What is needed: Without any of the pictures, print every record below exactly.

(Beginning of Exercise data)

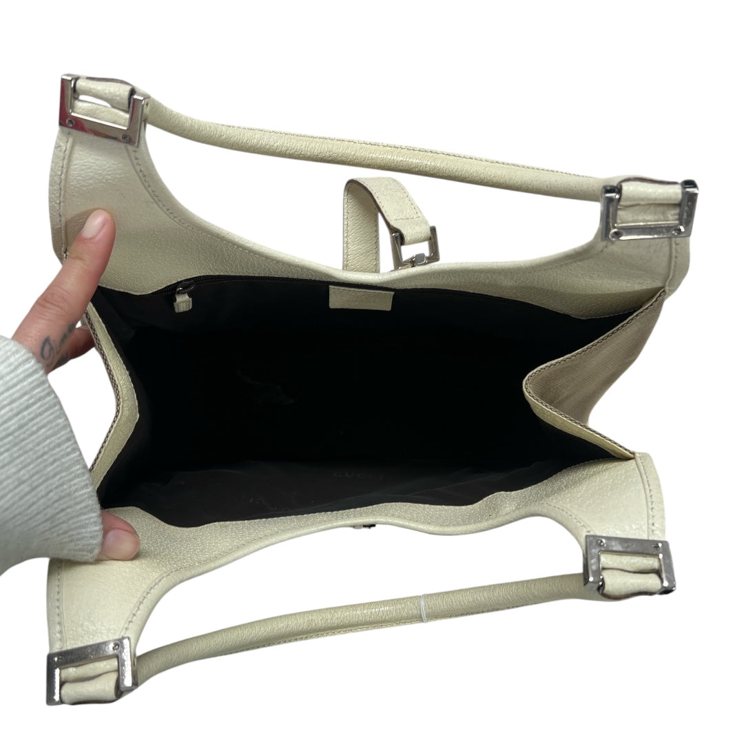 GUCCI Jackie Canvas Leather Hobo Shoulder Bag Beige GU563
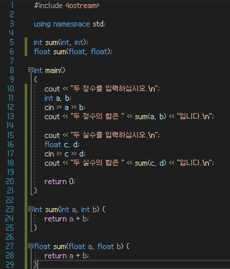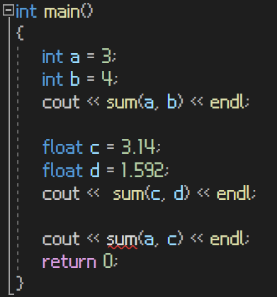 그러나 sum(a, b)에서 오류가 발생하는 이유는 오버로딩을 사용할 수 없는 2번의 상황이기 때문이다
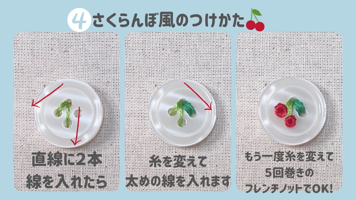 さくらんぼの刺繍🍒
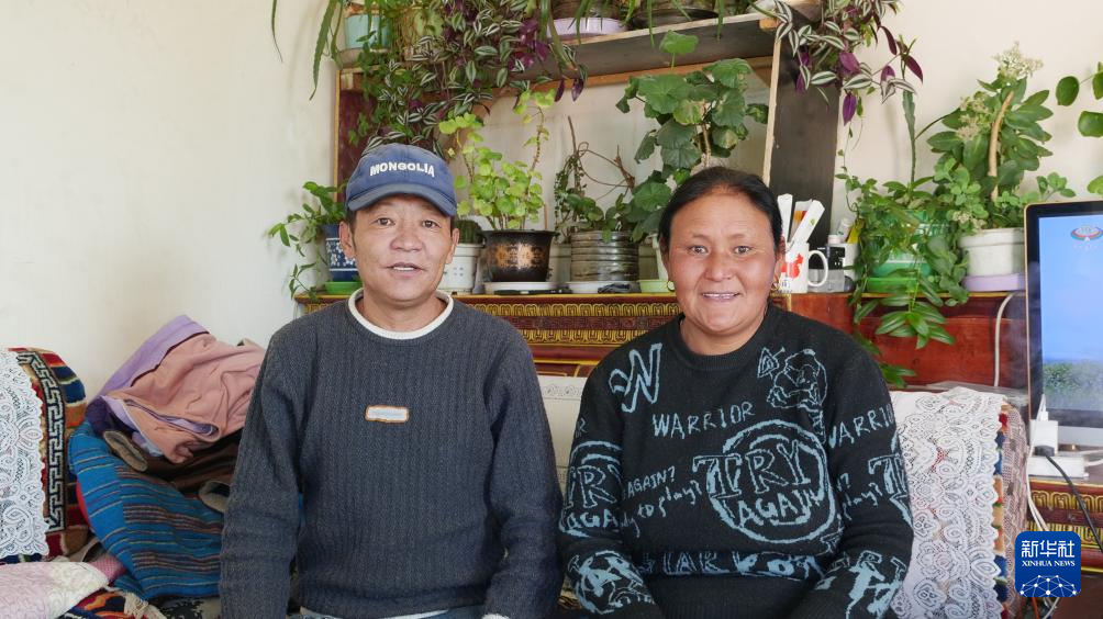 玉珍瑪和普布頓珠夫婦在普蘭縣客運(yùn)站門衛(wèi)室里合影(1月7日攝)。新華社記者 陳澤鵬 攝
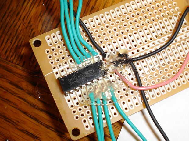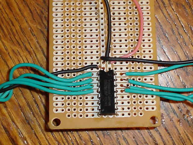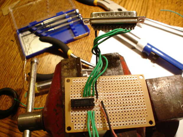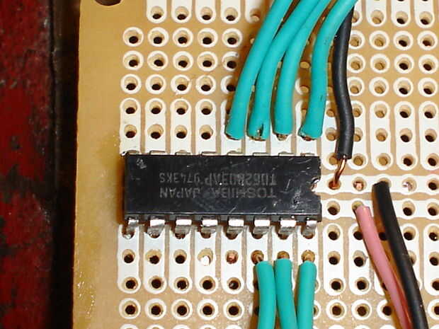 Cada pin a la Junta de la soldadura. Mi consejo había dos carriles de la energía corriendo hasta el centro del tablero, por lo que soldar el pin positivo en el uln2003 (ver esquema de aquí y en la foto) a la de los rieles y el pin negativo al otro carril. Luego, debes soldarlo pin 2 en el conector de puerto paralelo al pin 1 en el uln2003. Soldar el pin 3 en el puerto paralelo al pin 2 en el uln2003, pin 4 en el puerto paralelo a la clavija 3 en el uln2003 y pin 5 del puerto paralelo al pin 4 en el uln2003. Ahora soldar el pin 25 del puerto paralelo al riel negativo en su placa de circuito. Ahora, suelde el motor al conductor. Conectar el motor a la Junta requiere algún ensayo y error. Yo sólo había soldado los cables que podía usar clipes. También puede usar terminales de tornillo o algo similar. Simplemente soldar un cable con conector de 16, 15, 14 y 13 en el uln2003. Luego suelde un cable (preferiblemente negro) para el carril positivo. El controlador está casi listo. Por último, soldar a su toma de barril (mina había reciclada de un viejo coche RC) para los carriles de la energía en su circuito. Para evitar que los cables de mi interrupción, puse pegamento caliente sobre ellos.
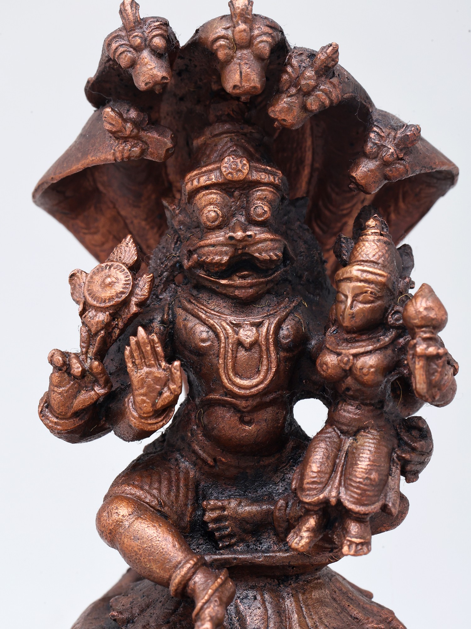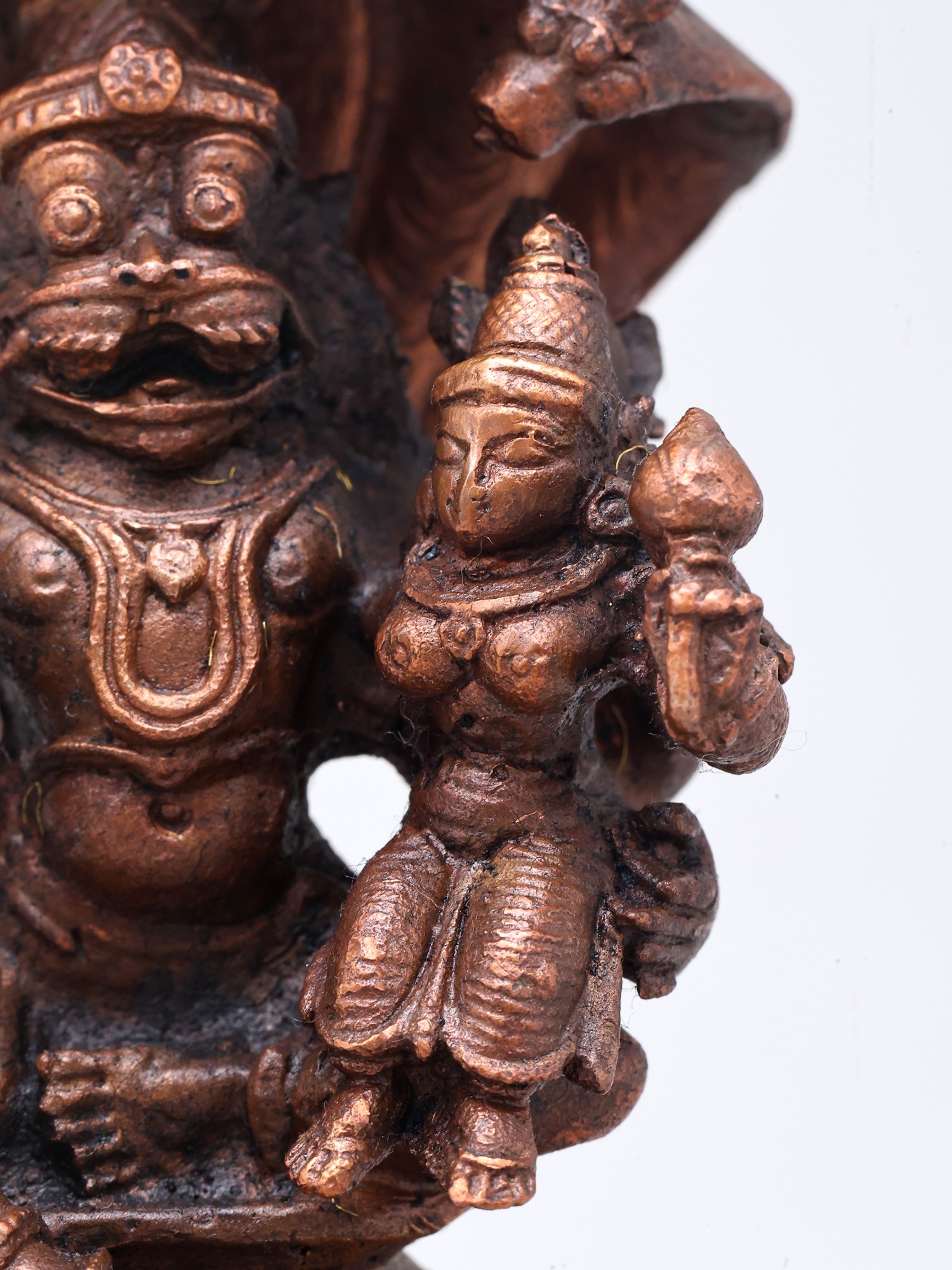 4" Small Lord Narasimha Seated with Devi Lakshmi | Copper Statue
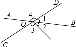 如圖,直線AB,CD相交于點(diǎn)O,且∠1=∠2.
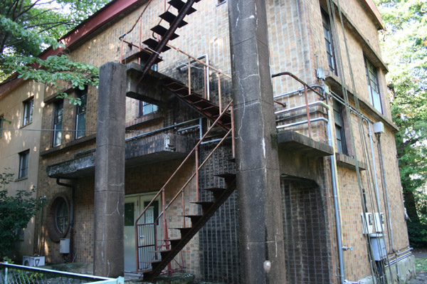 建物の反対側はタイル壁ではなくコンクリート。少しだけ新しい感じ。増設部分でしょうか。
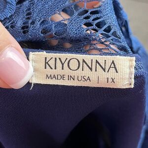 Kiyonna Dress Womens 1X Navy Blue Lace Maxi Gown Pockets USA Wedding Guest
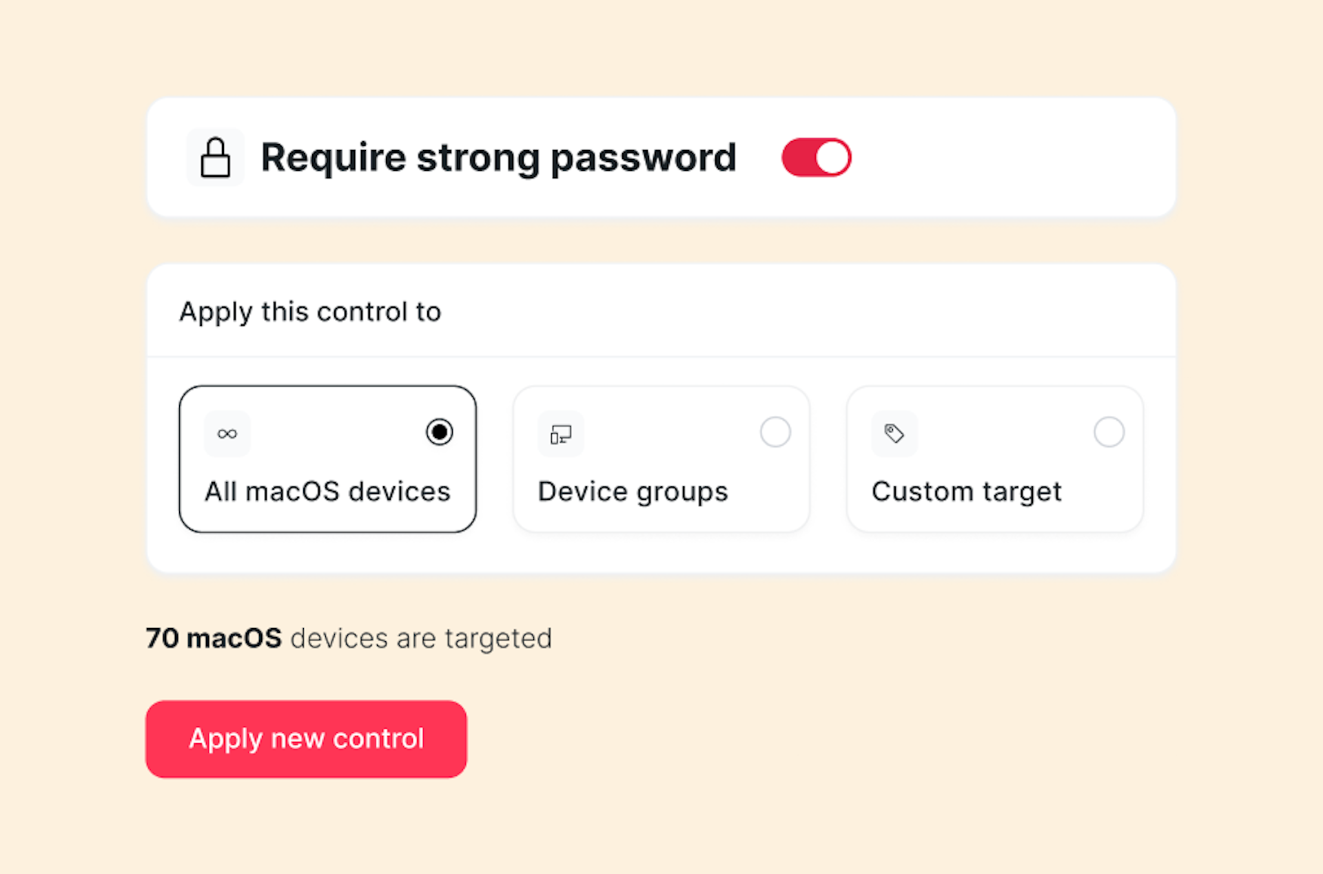 Enforce disk encryption, strong password policies, and OS updates across your entire device fleet to stay compliant with SOC 2, ISO, and GDPR.

(End of Exercise data)

Answer to this task:
 GUCCI Jackie Canvas Leather Hobo Shoulder Bag Beige GU563
 그러나 sum(a, b)에서 오류가 발생하는 이유는 오버로딩을 사용할 수 없는 2번의 상황이기 때문이다
 さくらんぼの刺繍🍒
 玉珍瑪和普布頓珠夫婦在普蘭縣客運(yùn)站門衛(wèi)室里合影(1月7日攝)。新華社記者 陳澤鵬 攝
 Cada pin a la Junta de la soldadura. Mi consejo había dos carriles de la energía corriendo hasta el centro del tablero, por lo que soldar el pin positivo en el uln2003 (ver esquema de aquí y en la foto) a la de los rieles y el pin negativo al otro carril. Luego, debes soldarlo pin 2 en el conector de puerto paralelo al pin 1 en el uln2003. Soldar el pin 3 en el puerto paralelo al pin 2 en el uln2003, pin 4 en el puerto paralelo a la clavija 3 en el uln2003 y pin 5 del puerto paralelo al pin 4 en el uln2003. Ahora soldar el pin 25 del puerto paralelo al riel negativo en su placa de circuito. Ahora, suelde el motor al conductor. Conectar el motor a la Junta requiere algún ensayo y error. Yo sólo había soldado los cables que podía usar clipes. También puede usar terminales de tornillo o algo similar. Simplemente soldar un cable con conector de 16, 15, 14 y 13 en el uln2003. Luego suelde un cable (preferiblemente negro) para el carril positivo. El controlador está casi listo. Por último, soldar a su toma de barril (mina había reciclada de un viejo coche RC) para los carriles de la energía en su circuito. Para evitar que los cables de mi interrupción, puse pegamento caliente sobre ellos.
 4" Small Lord Narasimha Seated with Devi Lakshmi | Copper Statue
 如圖,直線AB,CD相交于點(diǎn)O,且∠1=∠2.
 建物の反対側はタイル壁ではなくコンクリート。少しだけ新しい感じ。増設部分でしょうか。
 Kiyonna Dress Womens 1X Navy Blue Lace Maxi Gown Pockets USA Wedding Guest
 Enforce disk encryption, strong password policies, and OS updates across your entire device fleet to stay compliant with SOC 2, ISO, and GDPR.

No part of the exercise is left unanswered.